● **About this exercise**: Excerpt from the entries below: please repeat exactly the lines from the one containing "ଚାଷୀ ଉପକୃତ ହେବ" through the last one, both ends included, with no pictures.
━━━ Records supplied
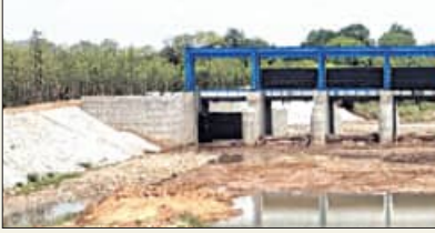
ଉପକୃତ ହେବେ ୮୯୧୨ ପରିବାର

ଚାଷୀ ଉପକୃତ ହେବ ବୋଲି ଜଣାପଡ଼ିଛି। ଏହାର ଜଳଧାରଣ କ୍ଷମତା ୮୮.୬୬ ହେକ୍ଟାମିଟର ହୋଇଥିବାବେଳେ ବ୍ୟାରେଜରୁ ୧୧୫୨.୪୦ କ୍ୟୁସେକ ଜଳ ନିଷ୍କାସନ ହୋଇପାରିବ। ଜୁଲକୋ
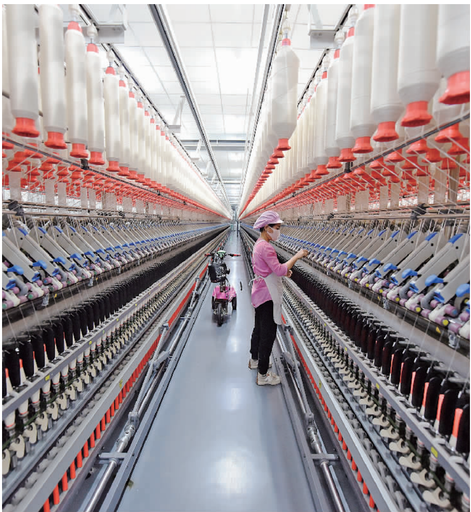
2月18日,山东临沂市郯城县李庄镇一家纺纱企业的工人在生产线上作业。近年来,郯城县大力推动产业智能化、绿色化、高端化,不断培育壮大新兴产业,推动传统产业转型升级,持续释放发展潜能。目前,该县科技创新型企业已有76家。

在此次《实施方案》中,《依托广州开发区进一步加大改革力度探索更多有益经验的工作举措清单》专章令人关注,其提出了
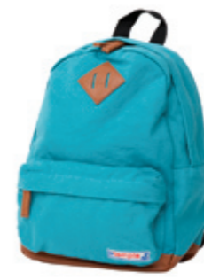
#65018 コットン帆布 キッズ DAY バック S ¥2,900 (税込¥3,045) タテ約30cm × ヨコ約21cm × マチ約10cm

M ¥3,300 (税込¥3,465) タテ約36cm × ヨコ約24cm × マチ約12cm
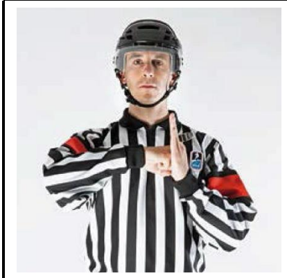
Boarding - BOARD

De scheidsrechter slaat voor de borst met gebalde vuist tegen de gestrekte handpalm van de andere hand.
━━━━━━
● **Reply**:
ଚାଷୀ ଉପକୃତ ହେବ ବୋଲି ଜଣାପଡ଼ିଛି। ଏହାର ଜଳଧାରଣ କ୍ଷମତା ୮୮.୬୬ ହେକ୍ଟାମିଟର ହୋଇଥିବାବେଳେ ବ୍ୟାରେଜରୁ ୧୧୫୨.୪୦ କ୍ୟୁସେକ ଜଳ ନିଷ୍କାସନ ହୋଇପାରିବ। ଜୁଲକୋ
2月18日,山东临沂市郯城县李庄镇一家纺纱企业的工人在生产线上作业。近年来,郯城县大力推动产业智能化、绿色化、高端化,不断培育壮大新兴产业,推动传统产业转型升级,持续释放发展潜能。目前,该县科技创新型企业已有76家。

在此次《实施方案》中,《依托广州开发区进一步加大改革力度探索更多有益经验的工作举措清单》专章令人关注,其提出了
#65018 コットン帆布 キッズ DAY バック S ¥2,900 (税込¥3,045) タテ約30cm × ヨコ約21cm × マチ約10cm

M ¥3,300 (税込¥3,465) タテ約36cm × ヨコ約24cm × マチ約12cm
Boarding - BOARD

De scheidsrechter slaat voor de borst met gebalde vuist tegen de gestrekte handpalm van de andere hand.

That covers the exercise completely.